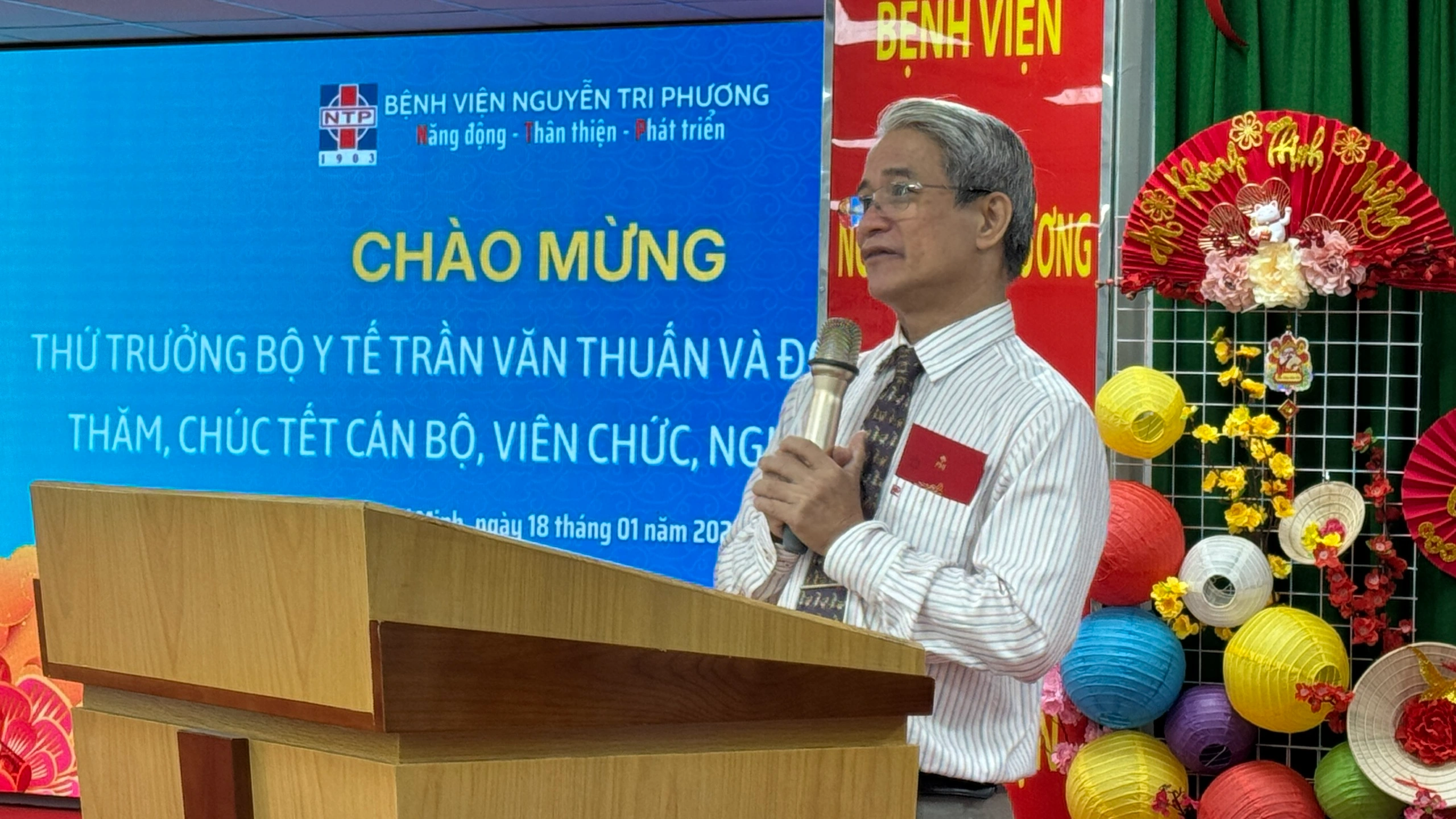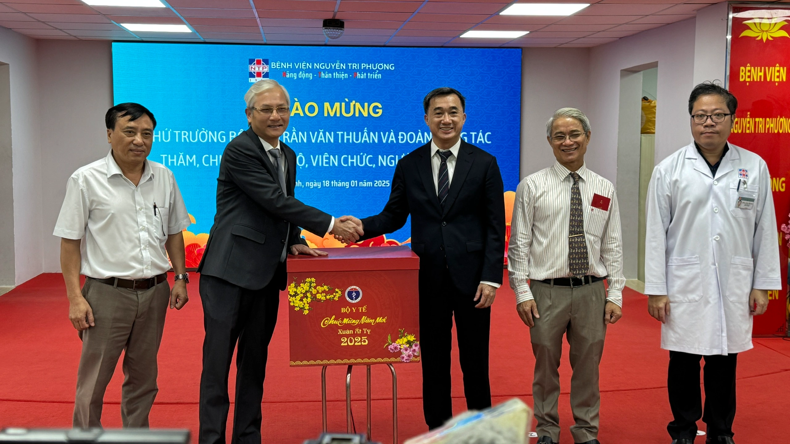 Trước đó, GS.TS. Trần Văn Thuấn - Thứ Trưởng bộ Y tế đã đến thăm và tặng quà tết, cùng với những lời chúc tốt đẹp trong năm mới đến tập thể lãnh đạo, y bác sĩ và người lao động,GS.TS. Trần Văn Thuấn - Thứ Trưởng bộ Y tế bày tỏ sự tin tưởng bệnh viện Nguyễn Tri Phương sẽ tiếp tục phát huy kết quả đạt được trong hoạt động, luôn lấy người bệnh làm trung tâm, ứng dụng khoa học công nghệ, nâng cao chuyên môn quản lý điều hành và đẩy mạnh hợp tác quốc tế.
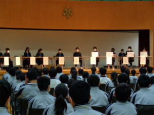 2月に行われる友愛会(生徒会)会長・副会長の選挙に向けて立候補期間が終了し、定数4名に対し、合わせて10名の立候補者が出ました。校内掲示板には選挙ポスターが掲示されており、広報活動が本格化しています。本日、昼の全校活動の時間には立候補者による意見交換会が行われました。司会は2年生の選挙管理委員が行います。1つめの質問は「武蔵野東中学校の理想像は?」です。パネルにそれぞれが強調したい文字を表し、意見を発表しました。2つめの質問は「学校生活を活性化させるために今自分が意識し、取り組んでいることは何か?」です。これについては挙手制で発表し、最後にそれぞれの主張についての意見交換、質疑応答を行いました。各立候補者の熱意ある訴えから、来年度の友愛会のリーダーを担う意気込みが感じられ、有権者も真剣に耳を傾けている様子でした
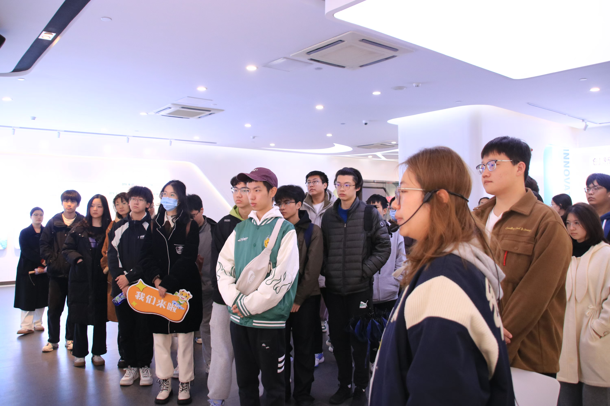 在总部大厅,江北新区生命健康安全环保部卞凯文向同学们详细介绍了生物医药谷的发展概况、区域规划、依托平台、创新药品、医疗器械等。通过沙盘模型,了解了生物医药谷的整体空间框架。
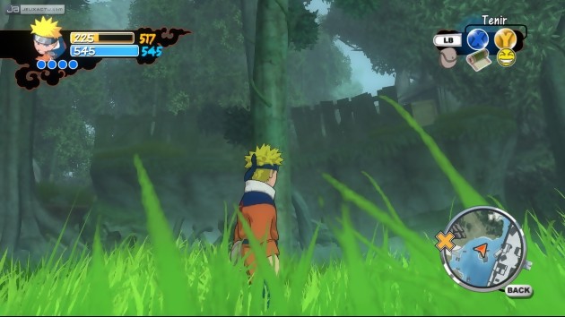 Ce manque de profondeur, on le retrouve également dans l’aventure. Très vite, on se rend compte que tout le jeu se repose sur des allers et venus constants entre le village de Konaha et les quelques espaces extérieurs où l’on ne fait que rencontrer les mêmes méchants aux mêmes endroits. Battre un bandit trois fois avant d’accéder à son lieutenant puis enfin au chef qu’il va falloir battre par deux fois, voilà le genre de missions que nous propose Naruto : Rise of a Ninja. Même les défis de sprint et les séquences de course dans les arbres, pourtant sympas de prime abord, se révèlent être lassants à force tant ils sont fréquents. Les missions annexes manquent elles aussi de variété puisque l’on se contente toujours des mêmes défis tout au long de l’aventure. Trouver des pièces, apporter des soupes de ramen à domicile, jouer à cache-cache avec Konohamaru, là encore, le manque de variété fait cruellement défaut au jeu. Pour palier à cette carence, Ubisoft a eu l’ingénieuse idée de ponctuer l’aventure de nombreuses vidéos repiquées du dessin animé afin que l’illusion soit parfaite. Malheureusement, le subterfuge ne fonctionne que le temps d’un tour de passe-passe digne de Sylvain Mirouf. Car balancer des passages du dessin animé que n’importe quel fan connaît sur le bout des doigts est une nouvelle erreur qu’un bon conseilleur aurait pu déceler pendant la production du jeu. Manque de temps ? Manque d’argent ? Peu importe les raisons, il aurait été plus sympathique de proposer davantage de cinématiques réalisées à partir du moteur du jeu. Pour conclure en apothéose, il faut savoir que Naruto : Rise of a Ninja se boucle entre 6 et
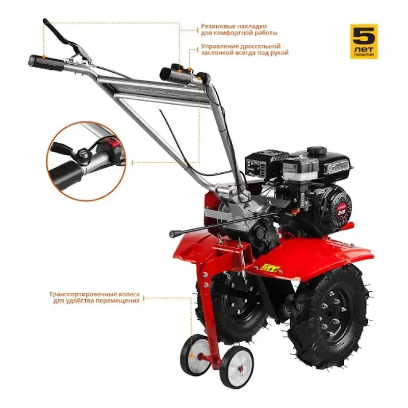 Отдельно можно приобрести плуг, снегоочиститель, щетку, лопату, фронтальную косилку, тележку и другое оборудование. Аксессуары крепятся к мотоблоку и расширяют его функционал.
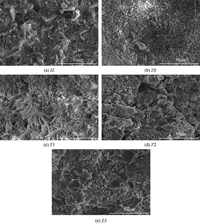 混凝土试样在水养护环境下浸泡28 d后裂缝处自愈合产物的微观形貌。
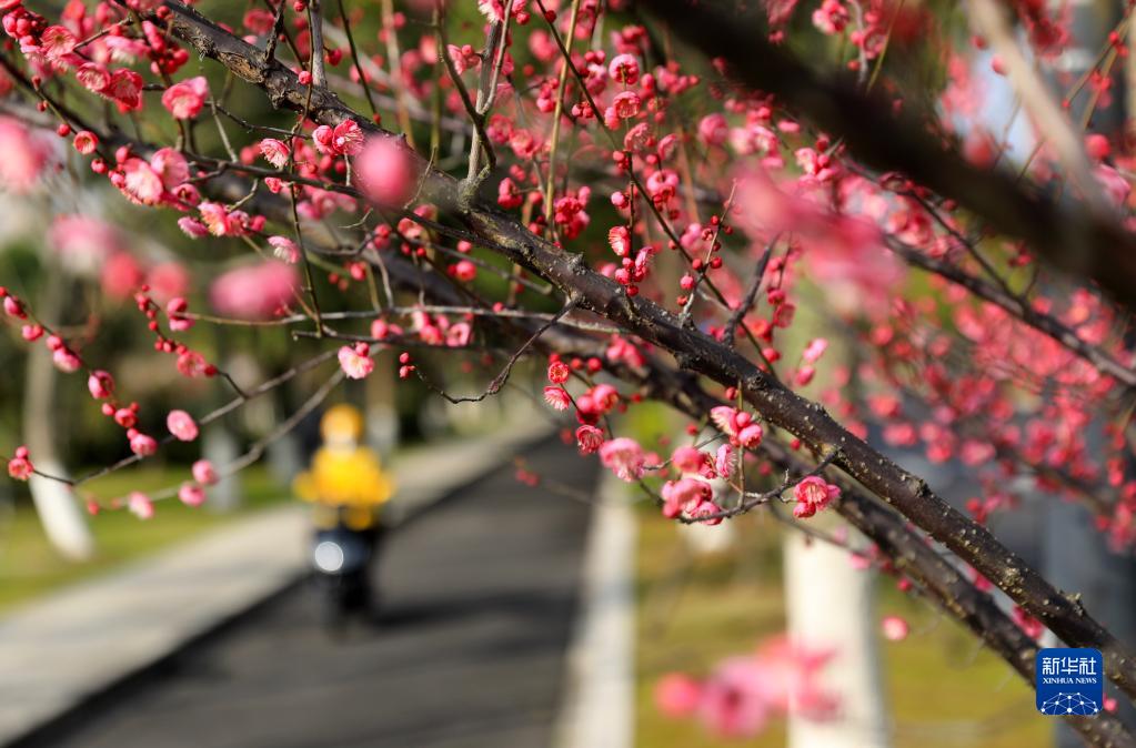 2月7日,浙江省舟山市新城綠化帶的數株紅梅悄然綻放,成為一道美麗的風(fēng)景線(xiàn)。
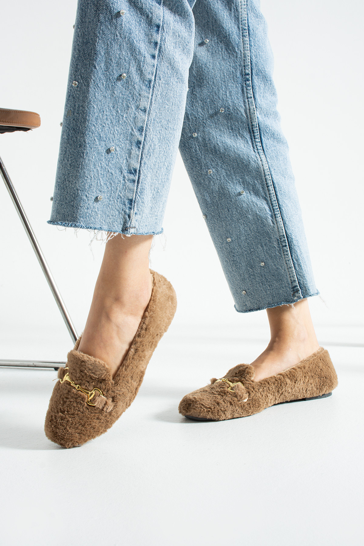 Kadın Taba Tokalı Kışlık Babet Ev ve Dış Mekan Ayakkabısı
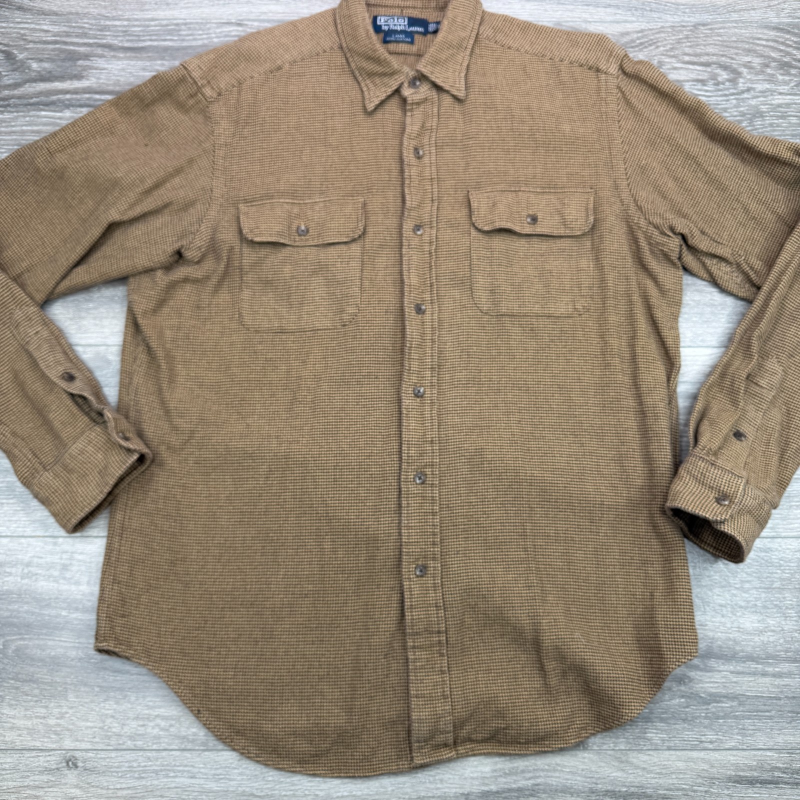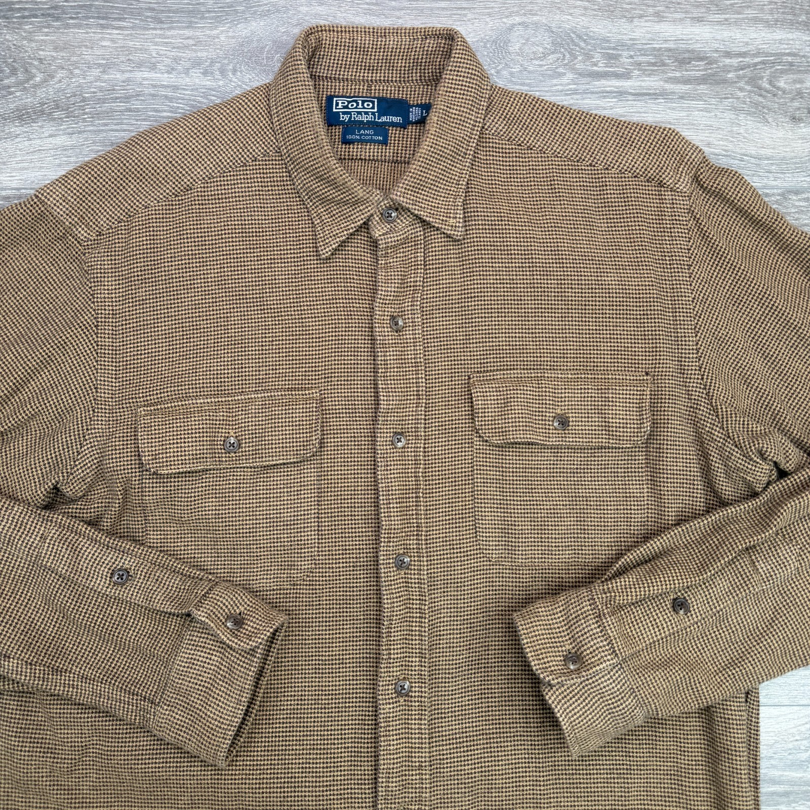 Polo Ralph Lauren Shirt Mens Large Brown Lang Houndstooth Double Pocket Flannel
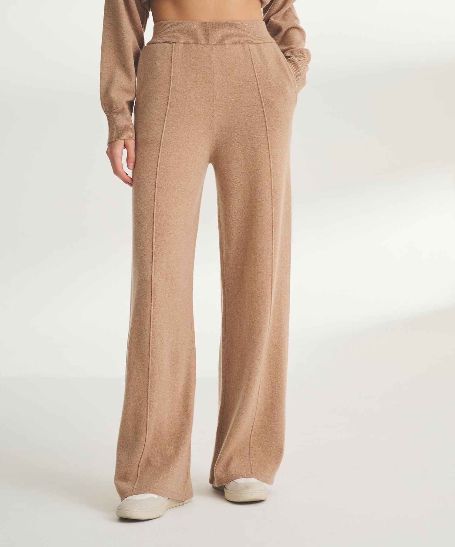 Low maintenance. The Washable Cashmere Wide Leg Pant is an easy-care knit with a relaxed classic fit. It features a pull-on waistband, ribbed details, center seams, and full-length inseam. Crafted from 100% cashmere that’s specially knit to be machine washable on a cold, gentle cycle.
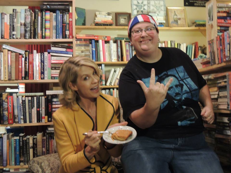 Down from the kitchen came Kelley, our master chef at Second Story Cafe, with fresh-made pumpkin bars. Those got passed around amid enthusiastic delight at their flavor and abundance. Max the foster cat wandered in, and next thing I know he and Jenna were cuddled in the armchair, carrying on like old friends. I think she fed him a pumpkin bar. People were swapping stories and having fun: just another night in the bookstore, with a movie star, two band members, a batch of fresh baked goods, a bunch of tripods, and a foster cat, all held together by a bottle of Scotch.max and jenna
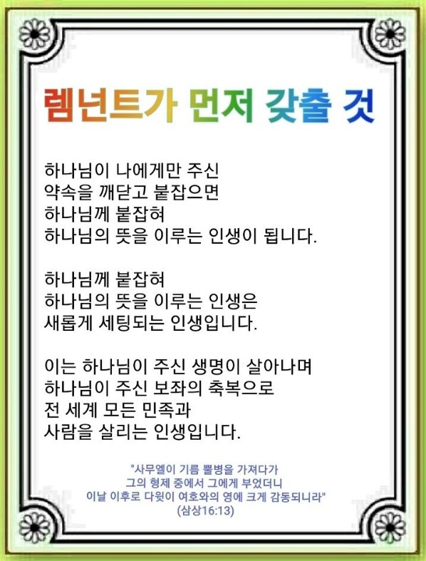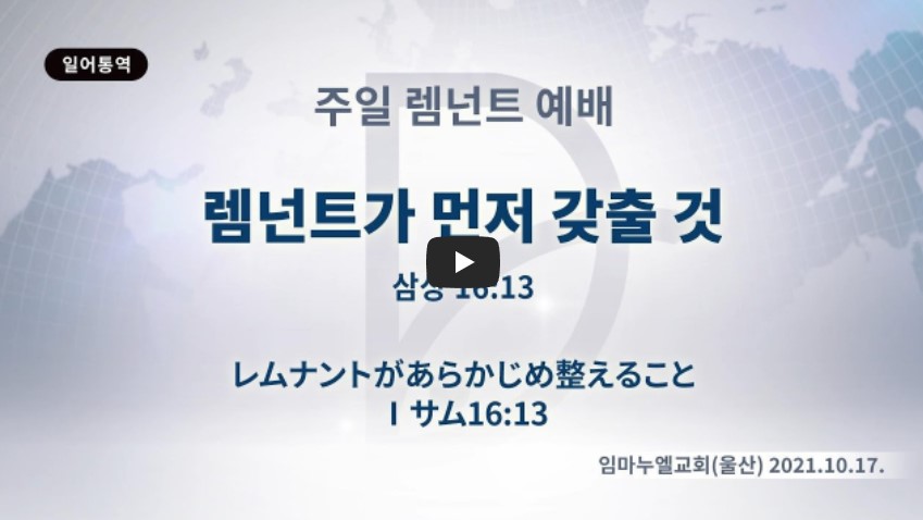 2022년 4월 30일(토) 분류 주일예배 설교- 렘넌트예배 제목 렘넌트가 먼저 갖출 것 성경 사무엘상 16:13 일시/장소 2021년 10월 17일, 임마누엘교회(부산) 설교 류광수 목사 (녹취정리: 차동호 목사) 출
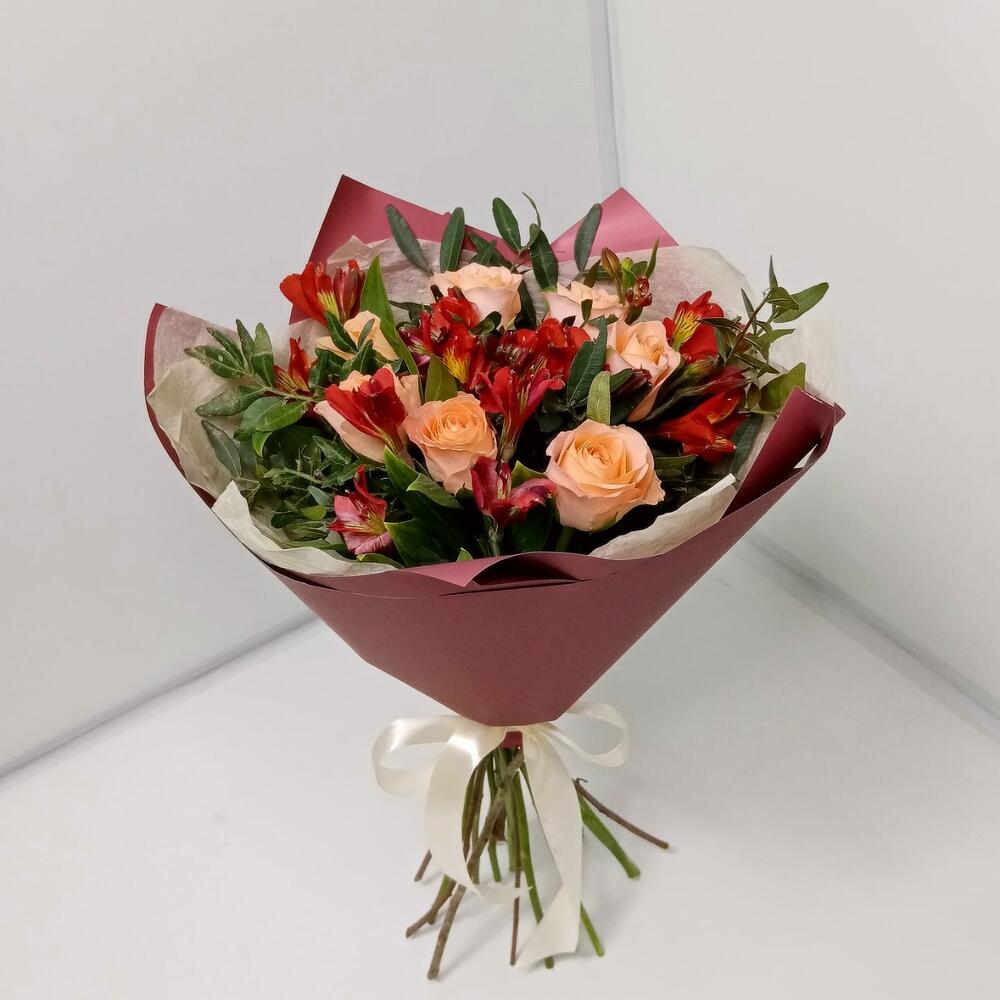 Букет из роз и Альстромерии
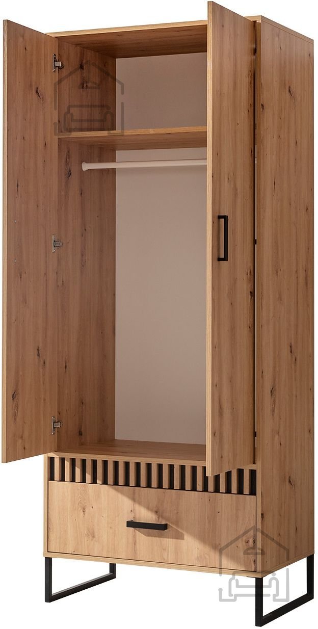 Garderobna omara Lamelix 01 podjetja Domel združuje funkcionalnost, estetsko dovršenost in kakovostno izdelavo. Z dimenzijami 80 × 50 × 195,7 cm je popolna izbira za spalnice, predsobe ali garderobne prostore, kjer je pomembno učinkovito izkoriščanje prostora. Njena zasnova v barvi artisan hrast prinaša občutek topline in naravne elegance, ki se lepo ujema z različnimi notranjimi slogi – od sodobnega minimalizma do klasičnega rustikalnega videza.

========

No pictures should appear in the answer, which is to be the lines from the line with "Down from the" through the end of the records above, restated exactly.

 Down from the kitchen came Kelley, our master chef at Second Story Cafe, with fresh-made pumpkin bars. Those got passed around amid enthusiastic delight at their flavor and abundance. Max the foster cat wandered in, and next thing I know he and Jenna were cuddled in the armchair, carrying on like old friends. I think she fed him a pumpkin bar. People were swapping stories and having fun: just another night in the bookstore, with a movie star, two band members, a batch of fresh baked goods, a bunch of tripods, and a foster cat, all held together by a bottle of Scotch.max and jenna
 2022년 4월 30일(토) 분류 주일예배 설교- 렘넌트예배 제목 렘넌트가 먼저 갖출 것 성경 사무엘상 16:13 일시/장소 2021년 10월 17일, 임마누엘교회(부산) 설교 류광수 목사 (녹취정리: 차동호 목사) 출
 Букет из роз и Альстромерии
 Garderobna omara Lamelix 01 podjetja Domel združuje funkcionalnost, estetsko dovršenost in kakovostno izdelavo. Z dimenzijami 80 × 50 × 195,7 cm je popolna izbira za spalnice, predsobe ali garderobne prostore, kjer je pomembno učinkovito izkoriščanje prostora. Njena zasnova v barvi artisan hrast prinaša občutek topline in naravne elegance, ki se lepo ujema z različnimi notranjimi slogi – od sodobnega minimalizma do klasičnega rustikalnega videza.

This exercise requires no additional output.